----- Data for the task

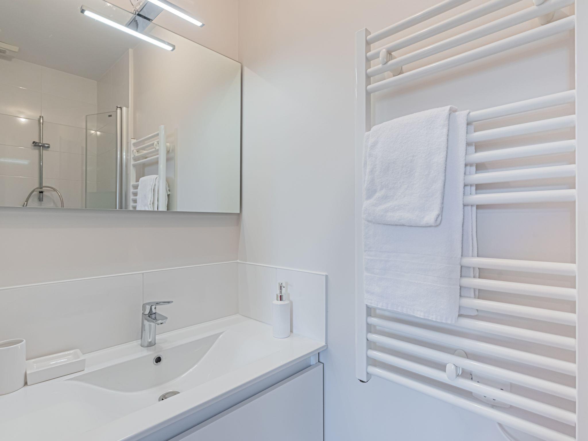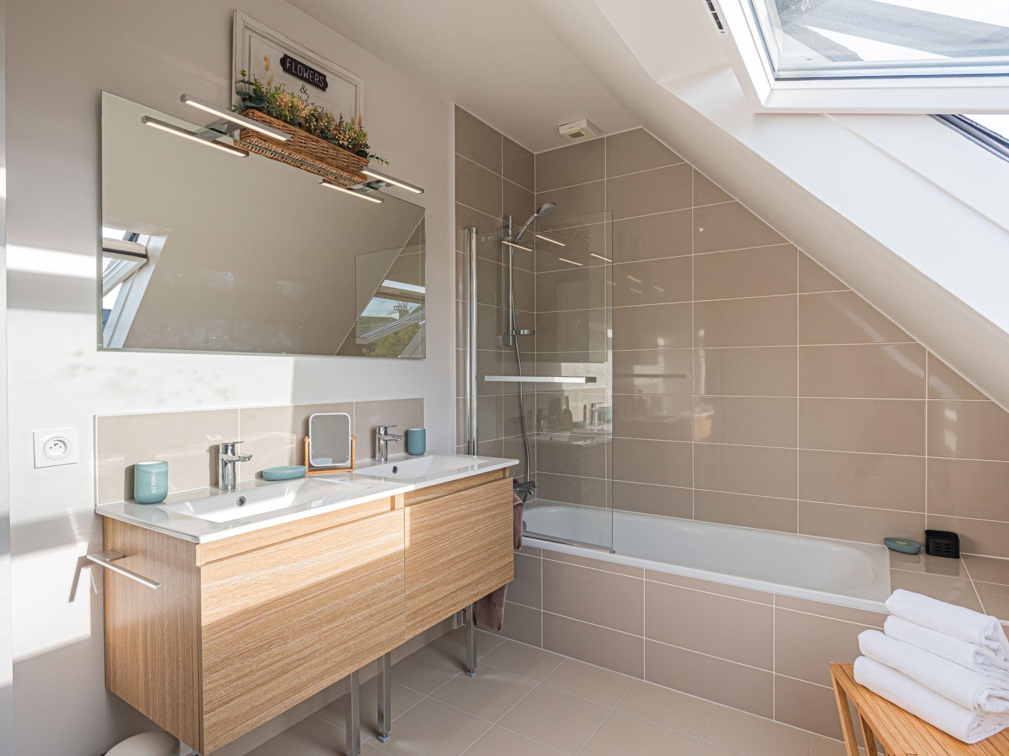 4-room house 100 m2 on 2 levels. Comfortable and beautiful furnishings: living/dining room with TV (flat screen). Exit to the terrace. 1 room with 2 beds (80 cm, length 200 cm), hand-basin and shower. Open kitchen (oven, dishwasher, 3 ceramic glass hob hotplates, toaster, kettle, microwave, freezer, electric coffee machine, Capsules for coffee machine (Nespresso) extra). Sep. WC. Upper floor: 1 room with 2 beds (90 cm, length 200 cm). 1 room with 1 french bed (1 x 160 cm, length 200 cm). Bathroom, sep. WC, double hand-basin. Terrace 20 m2. Terrace furniture, electric barbecue, deck chairs (4). View of the garden. Facilities: washing machine, dryer, iron, baby cot, hair dryer. Internet (WiFi, free). Parking (2 cars). Please note: smoke alarm. 56233000116KU
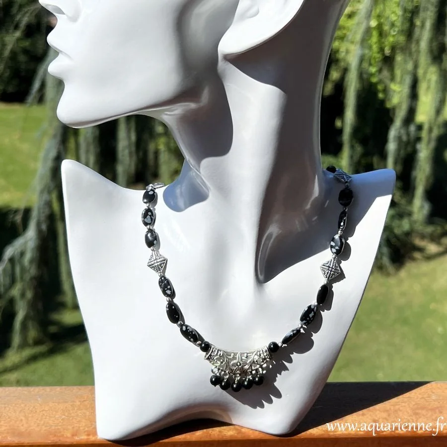 Pierre d’ancrage et d’équilibre, l’Obsidienne Flocon de Neige accompagne dans les moments de doute et d’obscurité, en aidant à retrouver courage et confiance. Elle éclaire les zones d’ombre, dissipe les illusions et favorise la clarté intérieure, afin de transformer les épreuves en tremplins d’évolution.
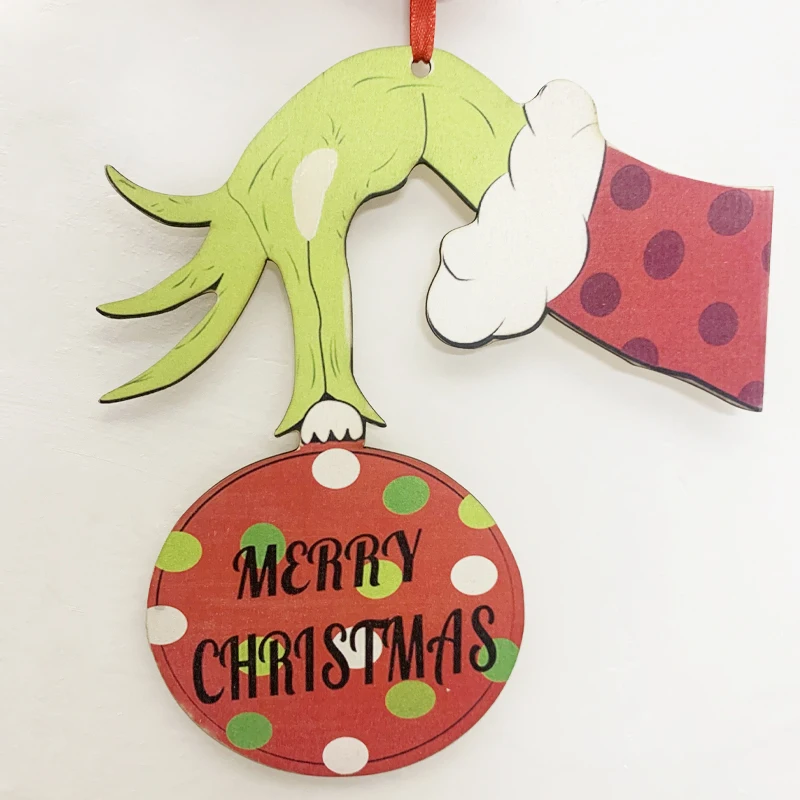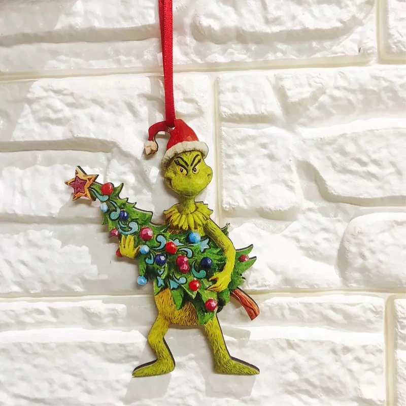 Рождественские украшения для елки Grinch, рождественские украшения, креативное украшение, деревянные и полимерные аксессуары, рождественская подвеска 2022
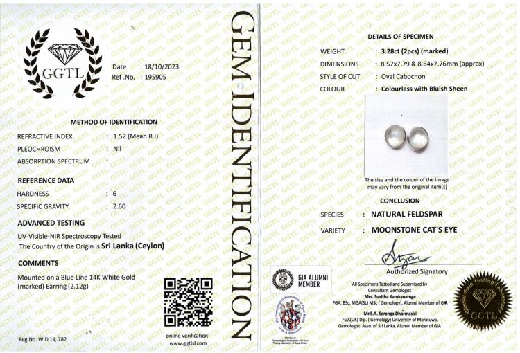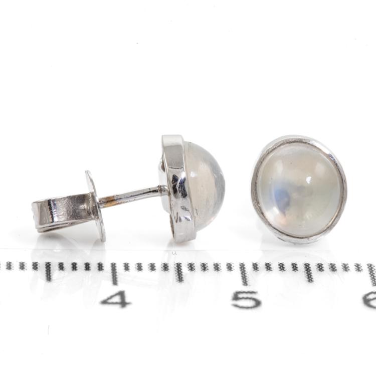 Moonstone stud earrings with oval cabochon cut Ceylon Natural Moonstone totalling 3.28ct. 14ct white gold. Weight: 2.1g. With GGTL report #195905. (As new) ^
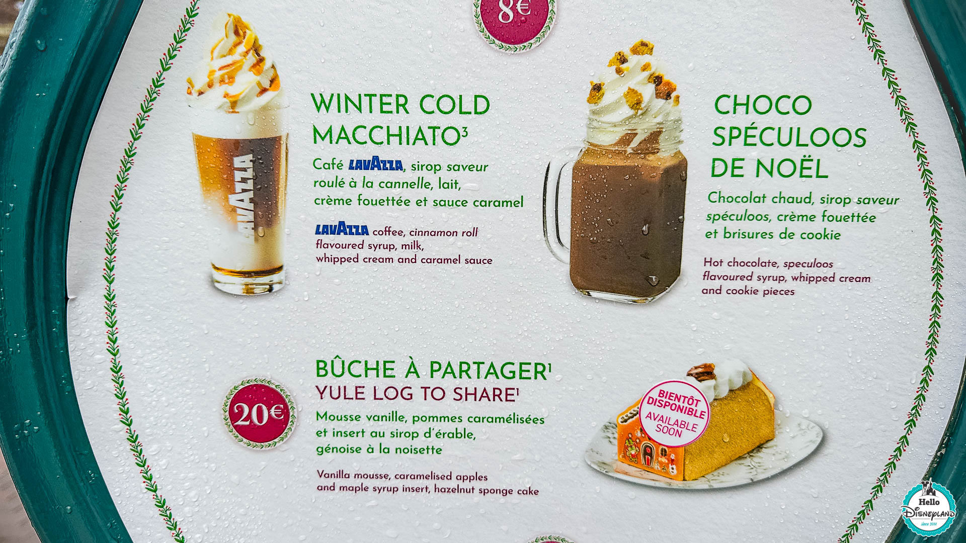 Disneyland Paris dévoilera bientôt la pâtisserie à partager de cette année, mais l’an dernier c’était une bûche de Noël qui était proposée avec des Cold Brew ( café glacé ) aux saveurs d’hiver :
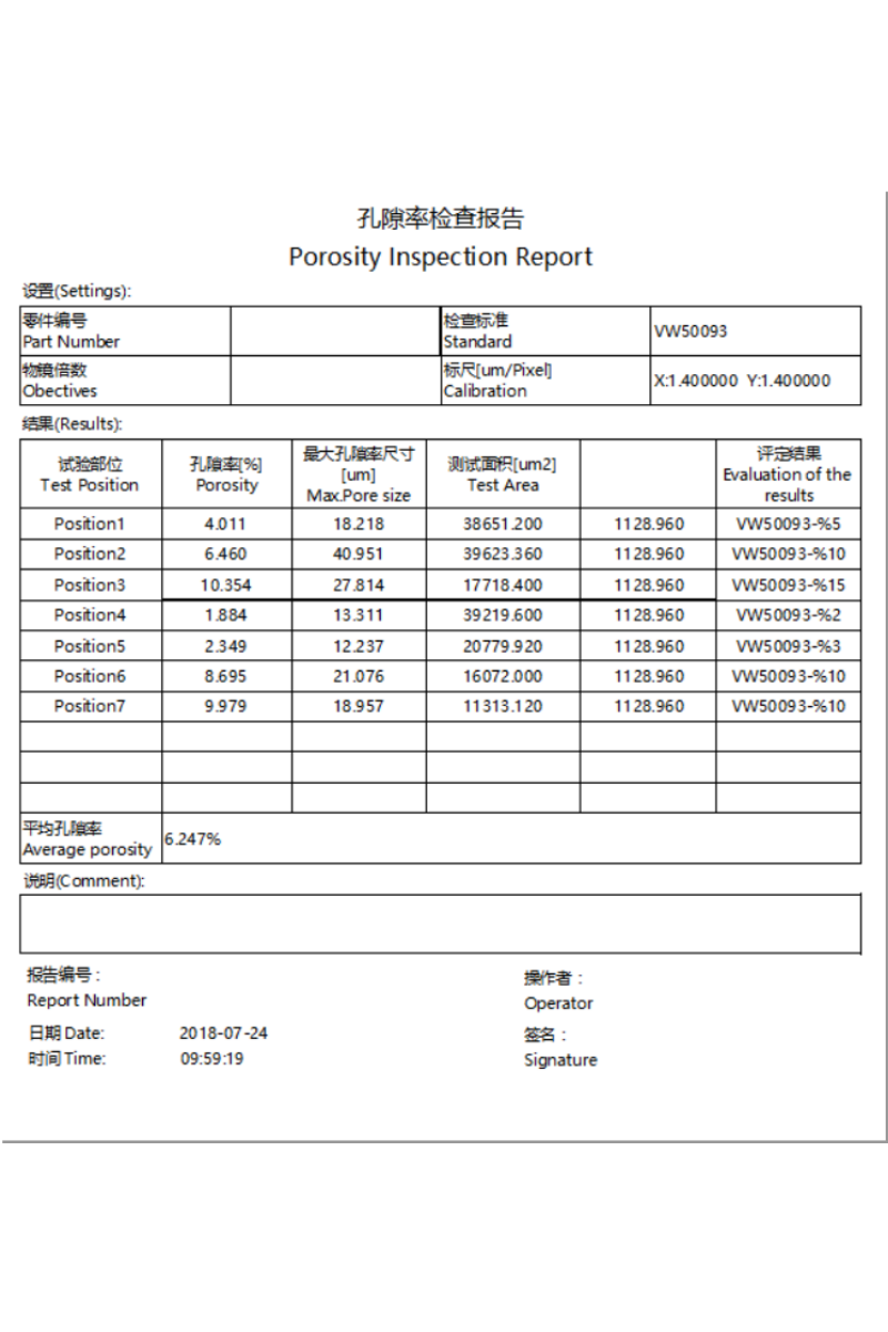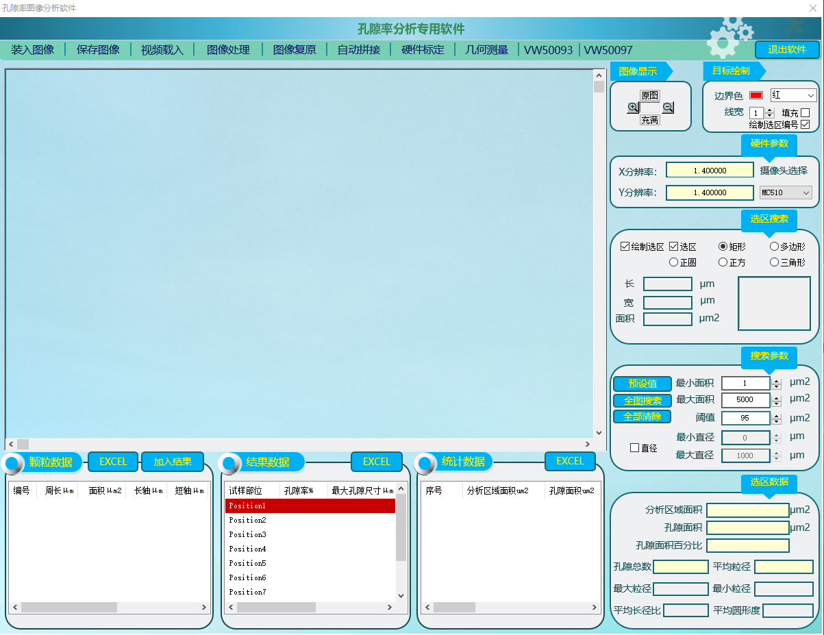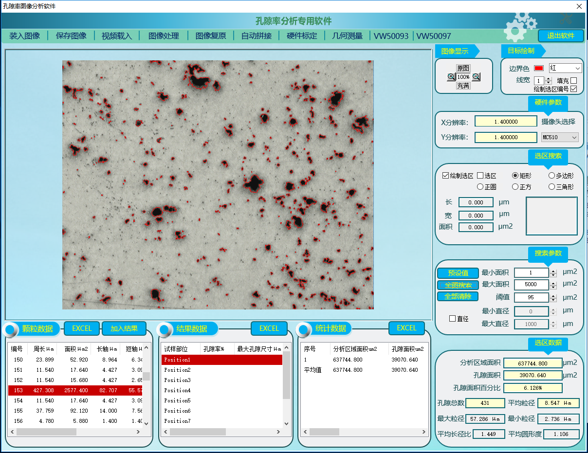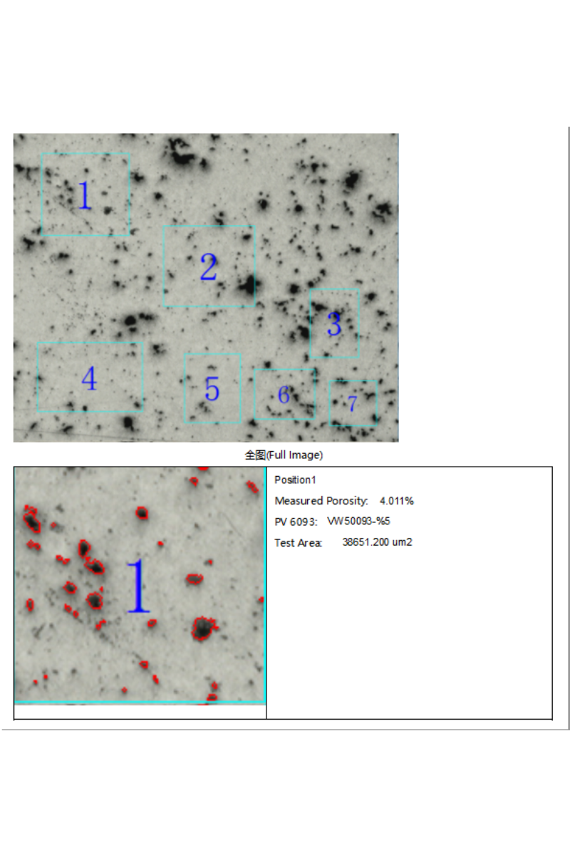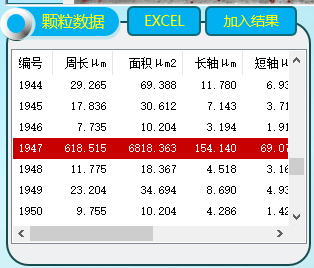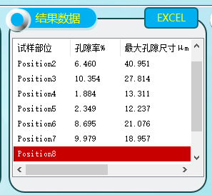 結果列表(biǎo):預置了10個部位列表位(wèi)置,每分析完一個選區的數據,就可加入(rù)到一個部位數據行,並(bìng)算出(chū)孔(kǒng)隙率、最大孔隙尺寸、測試麵積等參數。

----------

Problem statement
Print all the entries again exactly as written, but without the pictures.

Solution to this exercise
 4-room house 100 m2 on 2 levels. Comfortable and beautiful furnishings: living/dining room with TV (flat screen). Exit to the terrace. 1 room with 2 beds (80 cm, length 200 cm), hand-basin and shower. Open kitchen (oven, dishwasher, 3 ceramic glass hob hotplates, toaster, kettle, microwave, freezer, electric coffee machine, Capsules for coffee machine (Nespresso) extra). Sep. WC. Upper floor: 1 room with 2 beds (90 cm, length 200 cm). 1 room with 1 french bed (1 x 160 cm, length 200 cm). Bathroom, sep. WC, double hand-basin. Terrace 20 m2. Terrace furniture, electric barbecue, deck chairs (4). View of the garden. Facilities: washing machine, dryer, iron, baby cot, hair dryer. Internet (WiFi, free). Parking (2 cars). Please note: smoke alarm. 56233000116KU
 Pierre d’ancrage et d’équilibre, l’Obsidienne Flocon de Neige accompagne dans les moments de doute et d’obscurité, en aidant à retrouver courage et confiance. Elle éclaire les zones d’ombre, dissipe les illusions et favorise la clarté intérieure, afin de transformer les épreuves en tremplins d’évolution.
 Рождественские украшения для елки Grinch, рождественские украшения, креативное украшение, деревянные и полимерные аксессуары, рождественская подвеска 2022
 Moonstone stud earrings with oval cabochon cut Ceylon Natural Moonstone totalling 3.28ct. 14ct white gold. Weight: 2.1g. With GGTL report #195905. (As new) ^
 Disneyland Paris dévoilera bientôt la pâtisserie à partager de cette année, mais l’an dernier c’était une bûche de Noël qui était proposée avec des Cold Brew ( café glacé ) aux saveurs d’hiver :
 結果列表(biǎo):預置了10個部位列表位(wèi)置,每分析完一個選區的數據,就可加入(rù)到一個部位數據行,並(bìng)算出(chū)孔(kǒng)隙率、最大孔隙尺寸、測試麵積等參數。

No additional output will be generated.